AMMAN - The Greater Amman Municipality’s (GAM) Bus Rapid Transit (BRT) project continues to negatively impact the businesses of Tabarbour traders and landlords, forcing many out of work, President of the Amman Chamber of Commerce Khalil Haj Tawfiq said last week.
“Due to the severe setback in Tabarbour merchants’ sales and revenues, the ACC is currently estimating the value of damages and losses caused by the BRT project,” the president of the commerce chamber told The Jordan Times.
Construction of the BRT’s infrastructure, which began back in June 2019, has had “a negative impact on all sectors of the area”, including the garment sector, gas stations, car rental agencies and other service sectors, Haj Tawfiq said.
He added that more than 50 businesses have shut down operations and closed their doors.

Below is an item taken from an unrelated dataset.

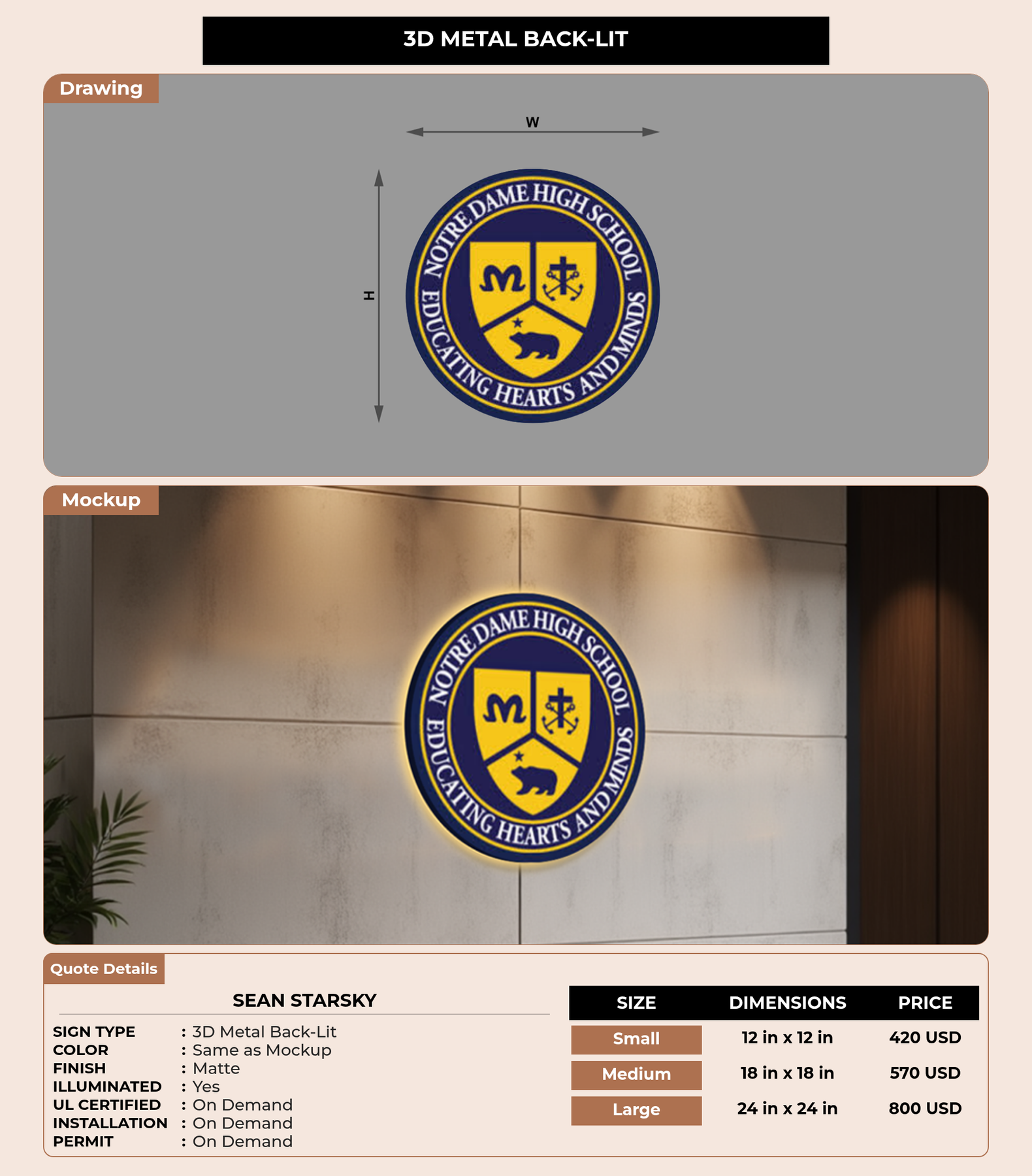 Crafted with premium material, this signage will elevate your business image, precisely mirroring your logo for a professional look.

GAM has also failed to consult merchants about project procedures that would affect them and their businesses, Haj Tawfiq said, noting: “This is a national project, which means it should not affect citizens and their interests.”
“The least that could be done is exempt Tabarbour traders from sales tax, vocational licences and property tax,” he said.
Comprehensive mechanisms and plans need to be established to ensure the rights of Tabarbour traders through forming local committees, according to the ACC president.
“The BRT project contributes to the development of the Kingdom, but it must not put traders further behind given all the road closures and detours around Tabarbour’s Tareq intersection,” he said.
Yazan Faluji, the owner of a stationery shop at the Tareq intersection, told The Jordan Times over the phone on Wednesday that “all stores” near the BRT project have been closed.
“My store is almost a kilometre from the construction of the project, and my sales have significantly dropped. Still, it is not that bad compared to stores that have closed their doors for good,” Faluji said.
According to Director of the BRT at GAM Riad Kharabsheh, the ACC’s efforts to obtain data regarding the loss of earnings and the value of the damage are “of the utmost importance”.
As a government institution, GAM is “fully prepared” to follow up on the compensation of merchants affected by the project’s construction as long as it is subject to “observable and clear regulations”, Kharabsheh told The Jordan Times on Wednesday.